Smart highway radar misses a third of broken down vehicles, regulator says | Transportation

Safety technology on smart motorways is not working properly, the regulator said, with one in three disabled vehicles missed – and three in four detected in England turning out to be false alarms.

National Highways has retrofitted Stopped Vehicle Detection (SVD) technology on all smart highways without hard shoulders, after heightened public and political concerns about safety.

However, the regulator, the Office of Rail and Road (ORR), said the radar-based system lacked critical performance targets in every region.

False alarms were “significantly above the required maximum” of 15%, ORR said, at 75%, with five out of six alerts reported in the Midlands region found to be incorrect.

Meanwhile, in some areas, fewer than three out of five vehicles that had stopped were logged by the system. Overall, one in three stopped vehicles were missed.

And only one of the five national highway regions detected vehicles stopped within the target time of less than 20 seconds, with some taking more than a minute on average.

Smart Motorways, which allow all lanes to be used by traffic instead of having a hard shoulder, are statistically the safest type of road in Britain.
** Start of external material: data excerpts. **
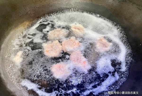 步骤5:用一个勺子挑出虾仁泥,挤成若干虾滑,挑入锅中,大火将虾滑煮一煮,让虾滑全部浮上来,证明虾滑煮熟了。
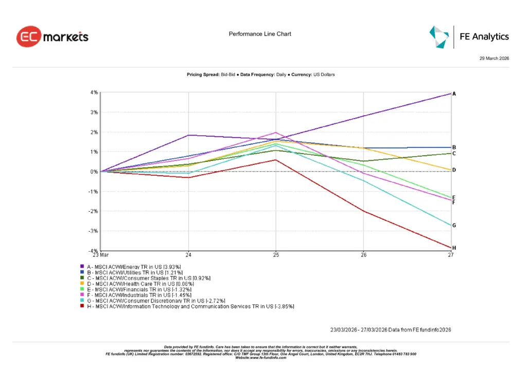 Energy was the standout performer, with the MSCI ACWI Energy sector rising roughly 3.9% during the week as higher oil prices strengthened earnings expectations for producers. The cause was continued strength in crude prices. The effect was investor rotation toward sectors with direct commodity exposure.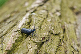 weiblicher, sehr giftiger Schwarzblauer Ölkäfer, Meloe proscarabaeus, auf einem am Boden liegenden Baumstamm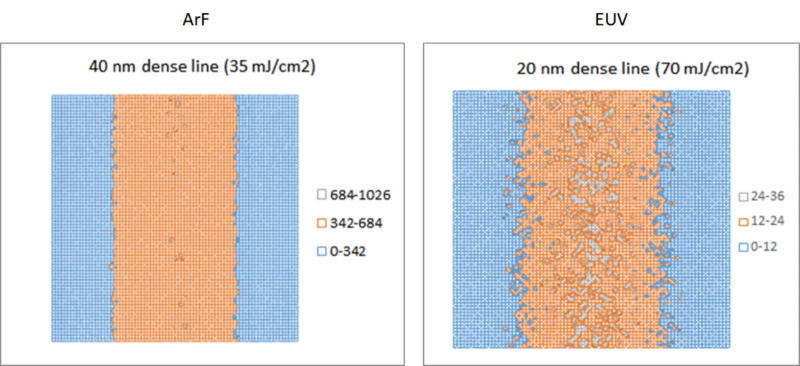 Comparação de linhas formadas na superfície de uma pastilha de silício por um laser ArF com comprimento de onda de 193 nm (esquerda) e radiação EUV de 13,5 nm: a escala da imagem à direita é duas vezes maior. Pode-se observar que com a duplicação da densidade de energia (70 mJ/cm2 para EUV vs. 35 mJ/cm2 para DUV), os efeitos estocásticos tornam-se muito mais pronunciados. As sombras nas figuras refletem diferentes gradações do número de fótons que caem na unidade base de área: 1 nm2 para DUV e 0,25 nm2 para EUV (fonte: SemiWiki)
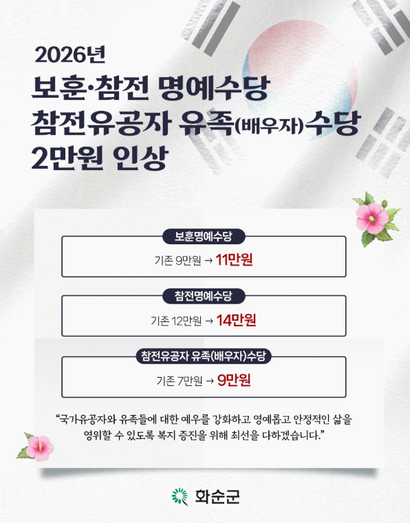 이번 인상 대상은 ▲보훈수당 ▲참전명예수당 ▲참전유공자 유족(배우자)수당으로, 각각 월 2만 원씩 인상된다.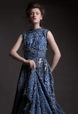 Finora ho utilizzato il denim nero da 12,5 per la creazione della mia gonna Irregular Pleated Stitched della collezione FW17-18 e ho intenzione di espandere la scelta di denim rigidi e indaco per la prossima stagione per creare pezzi più eleganti.

However, the government committed in 2020 to an action plan to improve detection and refuge areas, after a series of deaths in painful circumstances where people in broken down vehicles were hit by others vehicles.

ORR chief executive John Larkinson said: “Our previous work on motorway smart data has shown that these roads are as safe as the motorways they replaced, but the number of live lane failures is higher.

“Installing the SVD radar detection equipment earlier than planned reduced the duration of these outages more quickly, but it’s not working as well as it should.

“Although it is still too early to have reliable data, it is clear that National Highways urgently needs to improve its performance in this area.”

Motoring organizations said the report’s findings were concerning.

AA Chairman Edmund King said: “Vulnerable drivers have found themselves stranded in the most dangerous places, the traffic lane of a freeway. If there are doubts about the technology, then the highways are not smart and we should go back to proven methods.

Steve Gooding, Director of the RAC Foundation, said: “While it is good news that Stopped Vehicle Detection has been rolled out ahead of schedule, it will remain a concern that it has not yet been refined to do so much good. As it should be.”

National Highways chief executive Nick Harris said: “Our roads are among the safest in the world, but every road death is a tragedy and we know we can do more to improve safety even further.

“The report recognizes the good progress we have made in a number of areas, including completing most of the actions of the Smart Highway Inventory Action Plan.”